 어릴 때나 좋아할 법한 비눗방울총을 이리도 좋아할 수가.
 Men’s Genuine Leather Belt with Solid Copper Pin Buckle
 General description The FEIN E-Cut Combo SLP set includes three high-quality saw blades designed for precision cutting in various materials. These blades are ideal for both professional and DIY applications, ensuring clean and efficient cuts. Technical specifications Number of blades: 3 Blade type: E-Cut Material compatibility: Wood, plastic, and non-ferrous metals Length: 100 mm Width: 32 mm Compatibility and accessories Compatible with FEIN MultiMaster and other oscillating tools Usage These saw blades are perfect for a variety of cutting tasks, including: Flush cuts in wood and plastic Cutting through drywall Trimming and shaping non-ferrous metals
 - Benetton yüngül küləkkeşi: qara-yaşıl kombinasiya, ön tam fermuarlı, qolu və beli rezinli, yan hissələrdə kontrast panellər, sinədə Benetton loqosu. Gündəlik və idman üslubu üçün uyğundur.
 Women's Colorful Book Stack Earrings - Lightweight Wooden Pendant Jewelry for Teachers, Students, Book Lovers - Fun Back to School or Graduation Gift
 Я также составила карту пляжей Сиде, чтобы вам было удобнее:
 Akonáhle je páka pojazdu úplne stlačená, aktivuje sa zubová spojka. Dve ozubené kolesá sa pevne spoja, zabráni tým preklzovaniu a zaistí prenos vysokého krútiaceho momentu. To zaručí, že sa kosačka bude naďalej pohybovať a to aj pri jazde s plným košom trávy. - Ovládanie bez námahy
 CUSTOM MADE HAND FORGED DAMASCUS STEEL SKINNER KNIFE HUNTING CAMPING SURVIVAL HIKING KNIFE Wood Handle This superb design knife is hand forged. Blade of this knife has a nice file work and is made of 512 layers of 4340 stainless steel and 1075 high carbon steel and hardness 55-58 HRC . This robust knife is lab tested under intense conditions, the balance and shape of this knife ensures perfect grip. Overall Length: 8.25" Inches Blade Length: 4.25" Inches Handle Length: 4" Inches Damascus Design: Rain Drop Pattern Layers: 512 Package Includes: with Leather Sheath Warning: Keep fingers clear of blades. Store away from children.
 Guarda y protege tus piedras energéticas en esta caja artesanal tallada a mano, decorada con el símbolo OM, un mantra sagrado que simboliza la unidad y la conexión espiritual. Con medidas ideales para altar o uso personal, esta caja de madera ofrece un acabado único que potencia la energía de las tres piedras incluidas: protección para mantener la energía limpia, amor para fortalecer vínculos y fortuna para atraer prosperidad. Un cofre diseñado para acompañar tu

____________________

Repeat the data precisely, reproducing every entry.

 어릴 때나 좋아할 법한 비눗방울총을 이리도 좋아할 수가.
 Men’s Genuine Leather Belt with Solid Copper Pin Buckle
 General description The FEIN E-Cut Combo SLP set includes three high-quality saw blades designed for precision cutting in various materials. These blades are ideal for both professional and DIY applications, ensuring clean and efficient cuts. Technical specifications Number of blades: 3 Blade type: E-Cut Material compatibility: Wood, plastic, and non-ferrous metals Length: 100 mm Width: 32 mm Compatibility and accessories Compatible with FEIN MultiMaster and other oscillating tools Usage These saw blades are perfect for a variety of cutting tasks, including: Flush cuts in wood and plastic Cutting through drywall Trimming and shaping non-ferrous metals
 - Benetton yüngül küləkkeşi: qara-yaşıl kombinasiya, ön tam fermuarlı, qolu və beli rezinli, yan hissələrdə kontrast panellər, sinədə Benetton loqosu. Gündəlik və idman üslubu üçün uyğundur.
 Women's Colorful Book Stack Earrings - Lightweight Wooden Pendant Jewelry for Teachers, Students, Book Lovers - Fun Back to School or Graduation Gift
 Я также составила карту пляжей Сиде, чтобы вам было удобнее:
 Akonáhle je páka pojazdu úplne stlačená, aktivuje sa zubová spojka. Dve ozubené kolesá sa pevne spoja, zabráni tým preklzovaniu a zaistí prenos vysokého krútiaceho momentu. To zaručí, že sa kosačka bude naďalej pohybovať a to aj pri jazde s plným košom trávy. - Ovládanie bez námahy
 CUSTOM MADE HAND FORGED DAMASCUS STEEL SKINNER KNIFE HUNTING CAMPING SURVIVAL HIKING KNIFE Wood Handle This superb design knife is hand forged. Blade of this knife has a nice file work and is made of 512 layers of 4340 stainless steel and 1075 high carbon steel and hardness 55-58 HRC . This robust knife is lab tested under intense conditions, the balance and shape of this knife ensures perfect grip. Overall Length: 8.25" Inches Blade Length: 4.25" Inches Handle Length: 4" Inches Damascus Design: Rain Drop Pattern Layers: 512 Package Includes: with Leather Sheath Warning: Keep fingers clear of blades. Store away from children.
 Guarda y protege tus piedras energéticas en esta caja artesanal tallada a mano, decorada con el símbolo OM, un mantra sagrado que simboliza la unidad y la conexión espiritual. Con medidas ideales para altar o uso personal, esta caja de madera ofrece un acabado único que potencia la energía de las tres piedras incluidas: protección para mantener la energía limpia, amor para fortalecer vínculos y fortuna para atraer prosperidad. Un cofre diseñado para acompañar tu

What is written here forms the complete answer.